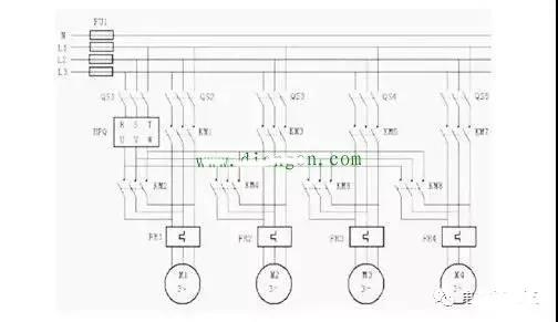 4、用一臺(tái)通用變頻器帶多臺(tái)電機(jī)時(shí)除了使電動(dòng)機(jī)運(yùn)行的總電流小于通用變頻器的額定電流外,還至少要計(jì)算一臺(tái)電動(dòng)機(jī)起動(dòng)電流的影響,以避免變頻器過(guò)電流跳閘。一拖多如下圖:
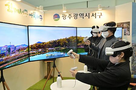 구청 1층에 마련된 체험부스에서는 풍암호수, 금당산, 만귀정 등 서구 8경을 VR기기를 통해 직접 체험하거나 3개의 TV를 통해서 연출한 입체 화면을 볼 수 있다.
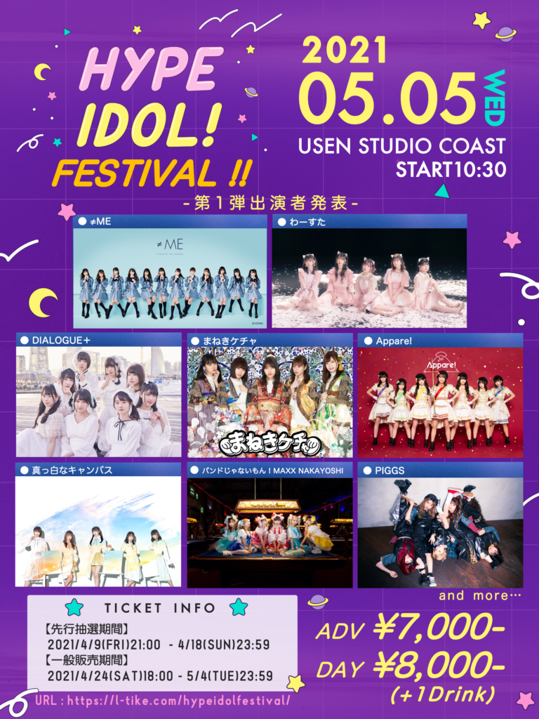 Appare! / ≠ME / DIALOGUE+ / バンドじゃないもん!MAXX NAKAYOSHI / PIGGS / まねきケチャ / 真っ白なキャンバス / わーすた (名前順/敬称略) and more…
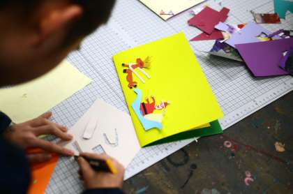 今週の4年生「とび出すメッセージ」の授業から。2学期最後の図工の時間です。だれに対して、どんな思いを、どのようなしくみを使って伝えるか。そんなことを考えながら飛び出すしかけのあるメッセージカードを紙だけでつくってきました。絵や文字の部分もペンや絵の具などの描画材は一切使いません。
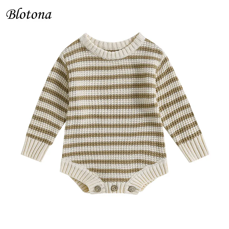 Blotona Newborn Baby Autumn Winter Striped Sweater Romper Khaki Long Sleeve Crew Neck Knitted Playsu...
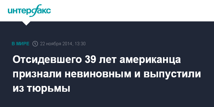 Москва. 22 ноября. INTERFAX.RU - Приговоренный к пожизненному заключению американец Рики Джексон, который провел в тюрьме 39 лет в ожидании исполнения приговора, в пятницу был освобожден в зале суда. Как сообщает France 24, было доказано, что 57-летний мужчина был осужден за преступление, которого не совершал.
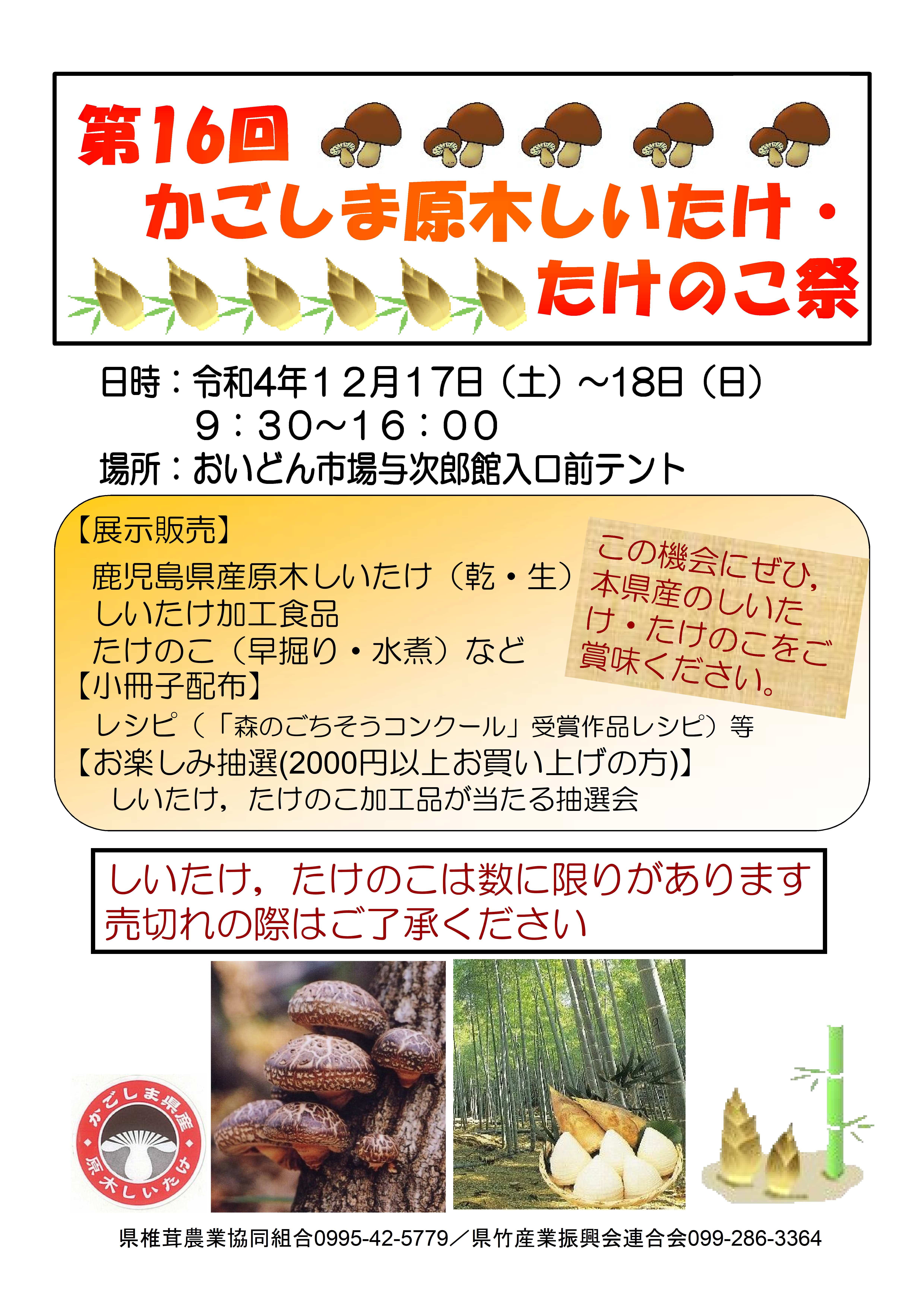 ホーム > 産業・労働 > 林業・水産業 > 特用林産物 > イベント紹介 > 第19回かごしま原木しいたけ・たけのこ祭(終了しました)

-*-

Work request: Repeat the material above verbatim. Leave the pictures behind.

Finished exercise:
 4、用一臺(tái)通用變頻器帶多臺(tái)電機(jī)時(shí)除了使電動(dòng)機(jī)運(yùn)行的總電流小于通用變頻器的額定電流外,還至少要計(jì)算一臺(tái)電動(dòng)機(jī)起動(dòng)電流的影響,以避免變頻器過(guò)電流跳閘。一拖多如下圖:
 구청 1층에 마련된 체험부스에서는 풍암호수, 금당산, 만귀정 등 서구 8경을 VR기기를 통해 직접 체험하거나 3개의 TV를 통해서 연출한 입체 화면을 볼 수 있다.
 Appare! / ≠ME / DIALOGUE+ / バンドじゃないもん!MAXX NAKAYOSHI / PIGGS / まねきケチャ / 真っ白なキャンバス / わーすた (名前順/敬称略) and more…
 今週の4年生「とび出すメッセージ」の授業から。2学期最後の図工の時間です。だれに対して、どんな思いを、どのようなしくみを使って伝えるか。そんなことを考えながら飛び出すしかけのあるメッセージカードを紙だけでつくってきました。絵や文字の部分もペンや絵の具などの描画材は一切使いません。
 Blotona Newborn Baby Autumn Winter Striped Sweater Romper Khaki Long Sleeve Crew Neck Knitted Playsu...
 Москва. 22 ноября. INTERFAX.RU - Приговоренный к пожизненному заключению американец Рики Джексон, который провел в тюрьме 39 лет в ожидании исполнения приговора, в пятницу был освобожден в зале суда. Как сообщает France 24, было доказано, что 57-летний мужчина был осужден за преступление, которого не совершал.
 ホーム > 産業・労働 > 林業・水産業 > 特用林産物 > イベント紹介 > 第19回かごしま原木しいたけ・たけのこ祭(終了しました)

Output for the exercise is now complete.